There is always a particular pattern to these tournaments. Since they come along every four years, anticipation begins to build with the qualification rounds. Millions of soccer fans will watch the tournament all month. Media outlets that normally ignore soccer or relegate it to back pages will increase their coverage and play it prominently.
When you travel the streets, you'll see an increase in those annoying flags people stick on their cars supporting a particular side. Should two popular teams make it far into the tournament, stores will report a shortage of those flags.
For a month or so after the tournament, you'll notice more soccer stories and a renewed interest in the sport.
With time, soccer will find its level in North America yet again, struggling for recognition and its share of coverage falling somewhere between motocross and extreme cliff diving.
That is, until the next major tournament, the 2006 World Cup, when the pattern will pick up yet again.
It's too bad.
About the tournament. A top-priced ticket for the opener is $229.10, and that's in Canadian dollars.
Some of the best games of the tournament will be played early. On Sunday, defending champion France will play England. France is tagged as the tournament favourite but may have trouble because goaltender Fabien Barthez is not the same quality goaltender who led them to Euro and World Cup titles.

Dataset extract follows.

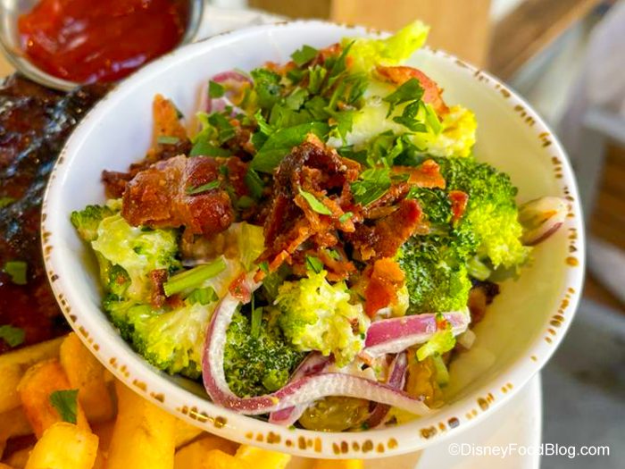 We didn’t mind having to eat it with a fork, though, because it was good. The spicy is more of a “Disney spicy” (so not too much heat at all), but the acidity from the crispy slaw and the sweetness of the pickles cut that down. We would say that this sandwich is sharable if you’re not super hungry.
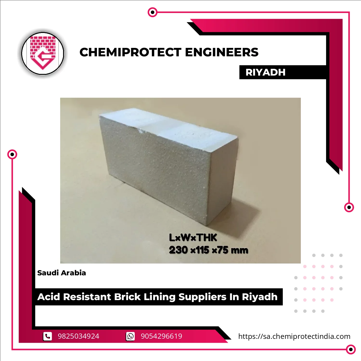 We Are Acknowledged With Being One Of The Leading Names In The Market Engaged In Supplying A Significant Range Of Acid-Resistant Bricks To The Clients In GCC. Also, We Are Offering Bricks At The Most Affordable Rates And Therefore Guarantee That Industries Of All Sizes Can Access High-quality Protection For Their Valuable Structures.Our Acid-Resistant Bricks Are Manufactured Using High-quality Clay Combined With Intentionally Selected Chemical Supplements. This Ensures Superior Resistance Agai Continue

On Tuesday, Germany will play the Netherlands. These are traditional rivals who don't like each other much. The Dutch are supposed to be a team on the rise with a strong attack led by Patrick Kluivert and Ruud Van Nistelrooy. The Germans had a horrible time qualifying and are supposedly rebuilding.
But no matter how awful they look, beware of the Germans.
Later in the tournament, traditional underachiever Spain will play the host Portuguese . . . another classic.
The two toughest groups are Group B with France, England, Switzerland and Croatia and Group C with Sweden, Bulgaria, Denmark and Italy.
So enjoy the tournament. It should provide some outstanding soccer and, for a month at least, give the sport the recognition it deserves.